The new WTO should, then, complement rather replace the existing organization. But we must also recognize that the new organization will likely deal with a completely different set of problems. For example, whereas tariffs can be eliminated with the stroke of a pen, reducing certain supply chain barriers – particularly those related to infrastructure – will require upfront investments. Recognizing that the projected gains from supply chain improvement are gross rather than net has a crucial implication: the benefits from any agreement will depend on prior investments that will have to be accommodated in national budgets, many of which are already becoming tighter and tighter.

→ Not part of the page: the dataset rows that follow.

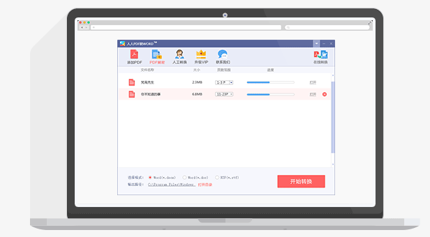 软件支持文件或文件夹拖曳操作,可直接将需要转换的PDF文件(或包含PDFf文件的文件夹)拖曳至PDF文件列表框中,点击开始转换后,即启动转换程序.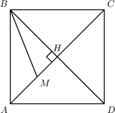 Бодолт: Квадратын диагоналын урт нь $5+7=12$ байна. Диагоналын хагас нь $6$ тул $BH=6$, $MH=AH-AM=7-6=1$ байна. Иймд Пифагорын теоремоор
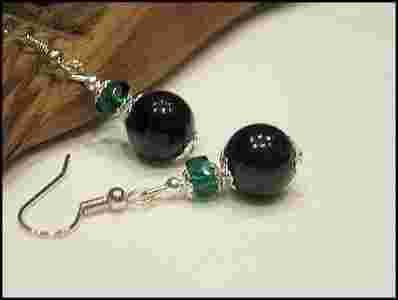 Kolczyki Hand Made Kule Kryształ Zieleń Chryzokola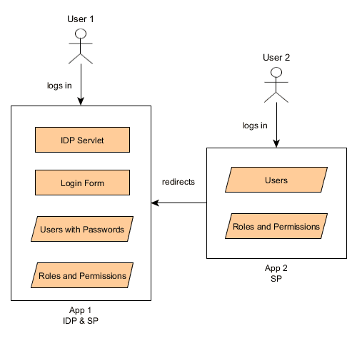The diagram shows an SSO system with two applications. App 1 is simultaneously an Identity Provider and a Service Provider (i.e. just an application providing some functionality). It contains a special login form shown for all users of the SSO system. App 2 is a Service Provider which redirects users to App 1 IDP for login. User passwords are checked only by IDP, but user roles and permissions are completely separate.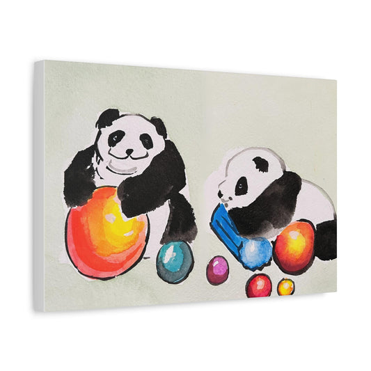 Pandas playing with balls, Matte Canvas, Stretched, 0.75", Print of Watercolor painting by artist Xiang Li, Panda lover gift, Nursery art

Traditional trade policies can be likened to the famous “prisoner’s dilemma,” in which the individually “rational” decision to betray the other party actually leads to a less beneficial outcome than if both parties cooperated. Tariffs help the country instituting them, while harming other countries; thus, the end result of individually rational protection is collective folly. The GATT/WTO’s success has been based on an understanding of such natures’ policies, and on cooperation in trying to limit their use.
To properly tackle supply chain barriers, such cooperation must continue and expand. Trade policies will need to be based on dynamic and responsive procedures more in step with industrial practices, both nationally and globally. Keeping our game theory analogy, countries and trade negotiators should think less along the lines of the prisoner’s dilemma and more along the lines of the classical coordination game, in which all parties can realize mutual gains, but only by making mutually consistent decisions.
In this new environment focusing on global supply chains, economic policies are not necessarily the problem, as they have been in the case of trade barriers; in fact, in some circumstances, they could even provide solutions. While the WTO 2.0 cannot, and should not, replace the 1.0 version, if established and maintained correctly, it will play an important role in supplementing the original as a way to ensure proper global trade governance.
References
Baldwin, R. 2012. WTO 2.0: Global governance of supply-chain trade. CEPR Policy Insight No.64.
Gereffi, G. and J. Lee. 2012. “Why the World Suddenly Cares About Global Supply Chains.” Journal of Supply Chain Management 48(3): 24-32.
World Economic Forum, Bain & Co., and World Bank. 2013. Enabling Trade: Valuing Growth Opportunities . Geneva.